Ukraine’s reburial of Nazi collaborator reveals Kiev regime’s ‘true essence’ – Kremlin

Kiev is openly glorifying Nazi collaborators at the state level, Kremlin spokesman Dmitry Peskov has said, condemning Ukraine’s recent reburial of Andrey Melnik, the former leader of the Organization of Ukrainian Nationalists (OUN).
Melnik’s remains were repatriated from Luxembourg and buried in Kiev with state honors on Sunday. Vladimir Zelensky and senior Ukrainian officials attended the ceremony, with the Ukrainian leader describing Melnik as a “hero.”
“The regime is demonstrating its true essence,” Peskov told reporters on Tuesday responding to the ceremony. He described the repatriation of a known Nazi collaborator as a clear “manifestation of neo-Nazism,” adding that it was “very dangerous for Europe.”
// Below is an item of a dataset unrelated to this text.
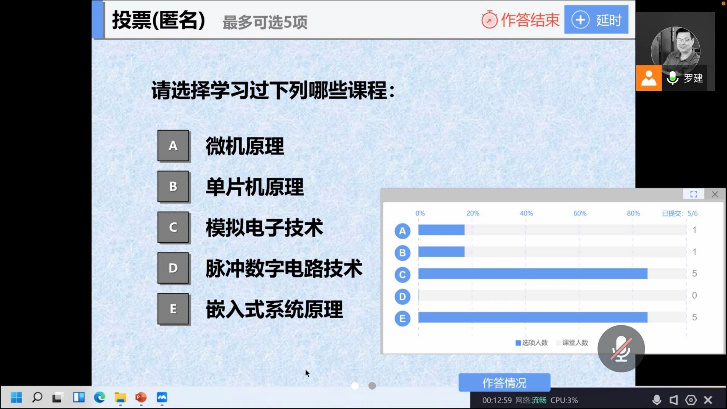 2022年1月10日是线上授课首日,mjm世界杯官网按照原定教学计划进行,共有23位教师通过钉钉、雨课堂、腾讯会议、腾讯课堂、QQ课堂等多个平台进行授课,涉及22门401名员工,线上授课顺利开展,教学运行平稳有序。课程包括mjm世界杯官网的大类平台课程、专业方向课程和专业选修课程。

“The official, state-level glorification of Nazi criminals and collaborators is taking place in the center of Europe. I don’t know if anyone in the European capitals likes this, but we don’t like it at all,” Peskov said, adding that this latest episode “once again underscores the justification and the correctness of launching the special military operation.”
Previously, the Israeli Foreign Ministry had also condemned Kiev’s decision to bury Melnik with state honors, saying there was “no place for ignoring historical truth and the memory of the victims murdered by the Nazis and their collaborators.”
Israel’s Yad Vashem Holocaust memorial center has also decried the ceremony, stating that honoring the leader of a movement that aided Nazi Germany in the persecution and murder of Jews “undermines the moral integrity essential to Holocaust remembrance.”
Melnik co-founded the Organization of Ukrainian Nationalists (OUN) in 1929 and led the organization from 1938 onwards, conducting espionage and sabotage operations for Nazi Germany’s military intelligence agency, the Abwehr. The OUN later split into two factions, one loyal to Stepan Bandera, another Nazi collaborator revered by Kiev. Both factions aided in the persecution and killing of Jews and Poles during World War II.
Melnik had petitioned Adolf Hitler to create a Ukrainian Waffen SS division, but eventually fell out of favor with the Fuhrer, and was imprisoned in a concentration camp in 1944. As the war ended, Melnik fled to the West and settled in Luxembourg, where he remained politically active until his death in 1964.